There are also prior art static seals that suffer yet another problem. When the centrifugal pump is used for pumping liquid containing solids, or liquid carrying crystallizing material, either the solids or some liquid has entered the gap between the seal surfaces just prior to closing of the gap. When the pump is re-started the gap opens, but due to the structure of the sealing, the solids, or the crystals formed in the gap, are either not able to escape from the gap, or escape in the direction of the shaft space between the static seal and the volute due to centrifugal force acting on them. In the first option the material wears directly the seal surfaces, and in the second option the material remains waiting for the next sealing operation i.e. liquid forcing the solids or crystals in the gap again.

An object of the present invention is to introduce a static seal structure that is able to eliminate at least some of the problems and disadvantages of the prior art centrifugal pumps.

In accordance with a preferred embodiment of the invention a characterizing feature of the centrifugal pump comprising a pump housing, a shaft, an impeller attached on the shaft, a dynamic sealing having a sealing chamber and a repeller mounted on the shaft, and a static seal arranged in a shaft space behind the dynamic sealing as seen from the direction of the impeller, said static seal comprising an axially adjustable seal cover including a stationary seal member; and a rotary seal member arranged on the shaft, is that the seal cover is provided with a flexible seal member, whose counter member is arranged in connection with a shaft sleeve arranged on the shaft.

In accordance with another preferred embodiment of the invention a characterizing feature of the shaft sleeve to be used in connection with a static seal of a centrifugal pump, is that said shaft sleeve is provided with a radially outwardly extending collar at its one end, the collar having at least one substantially radial surface acting as a static seal surface.

In accordance with a third preferred embodiment of the invention a characterizing feature of the stationary seal member for a static seal to be used in connection with a dynamic sealing of a centrifugal pump, is that said stationary seal member comprises a tubular body part, and a seal lip extending radially inwardly from the body part.

In accordance with yet another preferred embodiment of the invention the sealing members i.e. the seal surfaces have been arranged such that the stationary seal surface is positioned such that it is closer to the pump volute than the rotary seal surface.

Other characteristic features of a centrifugal pump, a shaft sleeve and a stationary seal member in accordance with the present invention will become clear in the accompanying claims.

By means of the static seal of the invention, at least following advantages are achieved:

    • When the pump impeller and the repeller rotate, the repeller rotates the liquid ring in the dynamic sealing chamber.

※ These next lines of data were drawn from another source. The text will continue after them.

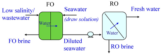 Forward osmosis (FO) as a pre-treatment to reduce the salinity of the RO feed. The seawater is first diluted in the FO unit and then sent to the RO for freshwater production.
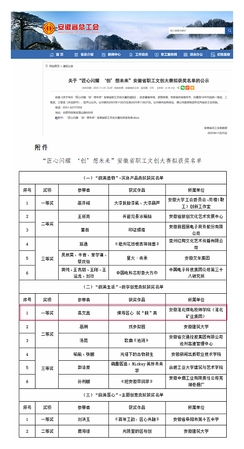 近日,从安徽省总工会传来喜讯,淮北煤电技师学院工匠大师工作室主办昌文鑫同志,在2025年安徽省“匠心闪耀 ‘创’想未来”职工文创大赛中脱颖而出,其作品荣获“皖美生活”数字创意类一等奖。
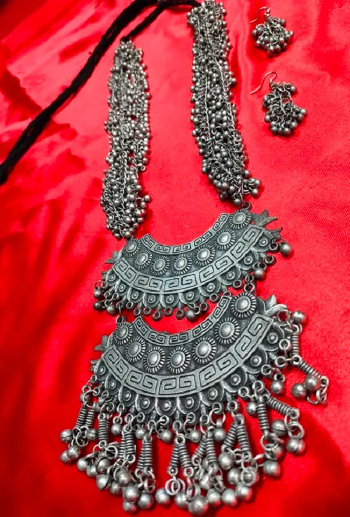 BLACK OXIDISED LONG NECKLACE SET
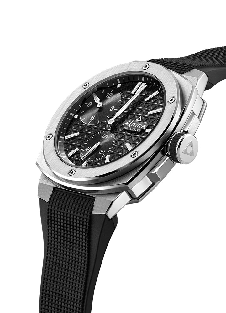 Alpiner Extreme Regulator Automatic je vybaven ciferníkem, který si zachoval svou DNA neporušenou tím, že představuje exkluzivní vzor trojúhelníků, symbolizujících alpské vrcholy, který se táhne po celém povrchu ciferníku. Překrývající se trojúhelníky zachycují sluneční paprsky, které vrhají specifické světlo na ciferník, čímž se jejich odlesky mísí a dodávají mu život. Vyrobeno v černé barvě, odrážející hory, ze kterých Alpina pochází. Tuto černou barvu najdete také na minutovém kroužku, pryžovém držáku korunky a pryžovém řemínku.

After the power input to the pump has been switched off, the pump is still rotating but at a decelerating pace. Now that the repeller is not able to create sufficient back pressure the pressure prevailing in the volute pushes the rotating liquid ring towards the static sealing space between the dynamic sealing and the bearings of the pump shaft so that the liquid ring finally enters the shaft space where the static seal is arranged. The shaft space or static sealing space has a cylindrical outer surface along which the liquid entering from the dynamic sealing advances as a liquid layer towards the static seal. Now that the static seal is formed of a flexible lip such that the outer circumference of the lip is tightly against its mounting surface, and the gap between the lip and its counter surface is at the radially inner circumference of the lip, the liquid layer pressure pushes the flexible stationary seal surface against the rotary surface ensuring a reliable sealing in the shaft space so that the liquid is not able to enter the gap between the seal surfaces. Simultaneously, the solids entrained in the liquid are not able to enter the gap between the seal surfaces. Thus both the leakage of the liquid and wearing of the seals are reduced.
    • When the static seal wears, it is possible to adjust the clearance thereof while the pump is running, because it is possible to arrange the adjustment in connection with a seal cover attached to the cover of the pump housing or to the housing, which seal cover operates as a counter member of the static seal. Thereby, the adjustment can be performed more quickly than in the conventional arrangement.
    • The shaft is protected from the liquid to be pumped by means of a shaft sleeve arranged on the shaft and extending from the repeller hub up to the static sealing. The shaft sleeve has a radial collar that acts as the sealing counter surface of the static sealing.
    • If the static seal leaks, it is possible to collect the splashes to the seal cover and lead such in a controlled manner therefrom to a leakage collection system. The seal cover may also be designed such that the rotary shaft can be covered, whereby the shaft will neither be a risk in the adjustment of the seal clearance nor will it prevent from performing the adjustment, as was the case in the prior art solutions.
    • The seal surfaces are mutually arranged such that if, for some reason, solids are able to enter or form in the sealing gap, the rotation of the seal surface creates a centrifugal force that discharges the solids out of the sealing space whereby the risk of wearing of the sealing space, and the seal surfaces is minimized.
    • The rotary seal surface is arranged such that it is always aligned exactly perpendicular to the axis of the pump ensuring the optimal conditions for the operation of the static seal.
    • The stationary seal member is arranged in connection with the seal cover, and it is made of a flexible and wearing material such that it conforms by means of both flexing and wearing to the possible misalignment of the seal cover.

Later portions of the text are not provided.